Blocked tear ducts
© 2011 Roy Benaroch, MD
Belinda can’t make sense out of what she’s been told by her baby’s pediatrician, who told her that a blocked tear duct is to blame for watery, gunky eyes. “If the tear duct is blocked, shouldn’t my baby have dry eyes? They’re always watery, and sometimes they get gunky. The pediatrician has prescribed eye drops and told me to massage her eyes. What should I do?”
Blocked tear ducts in little babies are very common, and usually will fix themselves without any intervention at all. I don’t think eye drops are likely to help, nor will massaging anything—especially not massaging the eyes themselves. The best thing for Belinda to do is to leave those baby eyes alone.
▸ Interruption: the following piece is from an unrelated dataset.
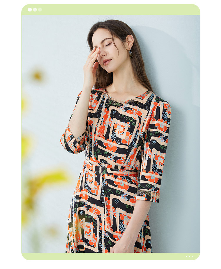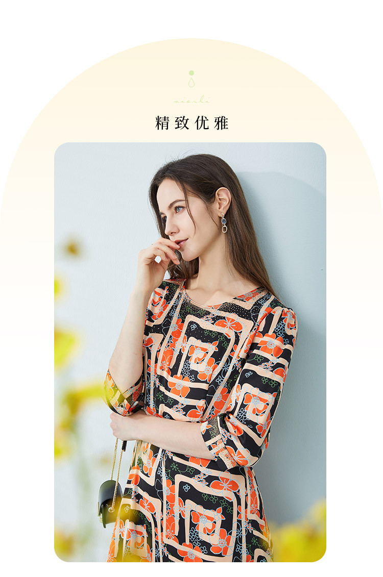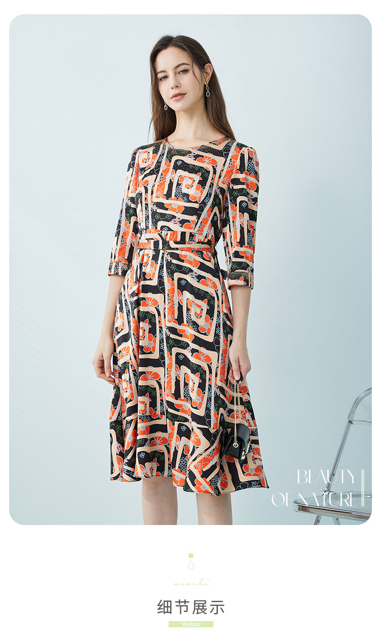 商品名称:[商场同款]秋季欧美风法式印花复古撞色圆领鱼尾摆连衣裙 313247

This will make somewhat more sense with a drawing (thanks to http://health.allrefer.com/pictures-images/tear-duct-blockage.html):
Tears are made in the lacrimal glands, which are tucked above your eyes, under your eyebrows. They flow from there down into the eye through little tiny ducts in the upper lid. These “going in” ducts are not the ducts that get blocked in babies.
From there, tears swirl around the eyes, then drain out though ducts on the inside area of the lids, near your nose. That’s right: your tears end up in your nose. That’s why you can kind of taste eye drops after you put them in (they flow from eyes into nose, into the back of your throat, where you can taste them.) That’s also why your nose runs when you cry.
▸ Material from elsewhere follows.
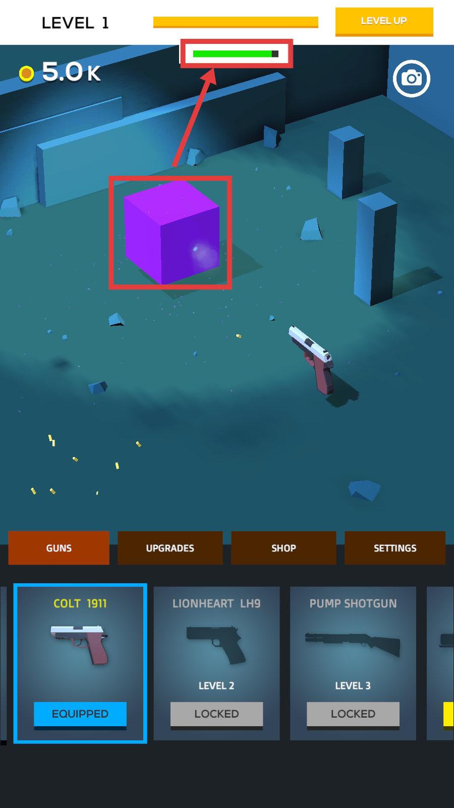 4、优先攻击场景内【紫色方块】,关注上方进度条,推进LEVEL-1关卡的进度解锁奖励。

It’s those “drainage” ducts that sometimes get blocked in babies. Want to see them? If you look very closely at your own lower lids in a mirror, you can probably spot the opening to the tear drainage ducts just near the edge of the lower lid, near your nose. It’s very small, and looks really more like a dark dot than a duct opening. Go look for yours, I’ll wait here.
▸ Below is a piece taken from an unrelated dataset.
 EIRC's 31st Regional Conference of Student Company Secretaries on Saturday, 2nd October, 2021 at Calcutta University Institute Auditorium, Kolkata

Found it? It’s tiny. Yours probably doesn’t have a big red arrow pointing at it, like mine did. In a baby, that little duct is especially small—and sometimes it is blocked by a little debris, or hasn’t even opened up completely when a baby is born.
With a blocked drainage duct, tears just kind of well up in the eyes, making them watery. Sometimes the tears get thick and gunky. Have no fear—that’s not a pink eye or an eye infection. If it were, the white of the eye would be pink or red. If your little baby has watery or gunky eyes but the whites are white, it’s almost certainly a blocked duct. Your pediatrician can confirm the diagnosis with a brief history and exam.
What should you do about it? Some people recommend tear duct massage, rubbing the area under the eye by the nose several times a day. This doesn’t actually work, but gives worried parents something to do. Another idea: you can use antibiotic eye drops, which might make the gunky goo look more watery, but certainly won’t help unclog the duct. In other words, eye drops won’t do much good. If you do use them, stop after a few days. Continuous use of these kinds of eye drops can make the eye sensitive and red, which will confuse everything.
The best thing to do with blocked tear ducts in a baby is to leave them alone. As your baby grows, they’ll usually open up on their own. Rarely, if they don’t open up, an ophthalmologist can perform a minor surgical procedure, usually after six months of life. This will require general anesthesia, so it’s best to wait and see if the blocked ducts improve on their own rather than rush into the operating room. Still, if eyes stay gunky much past six months, it’s time for the ophthalmologist to take a look.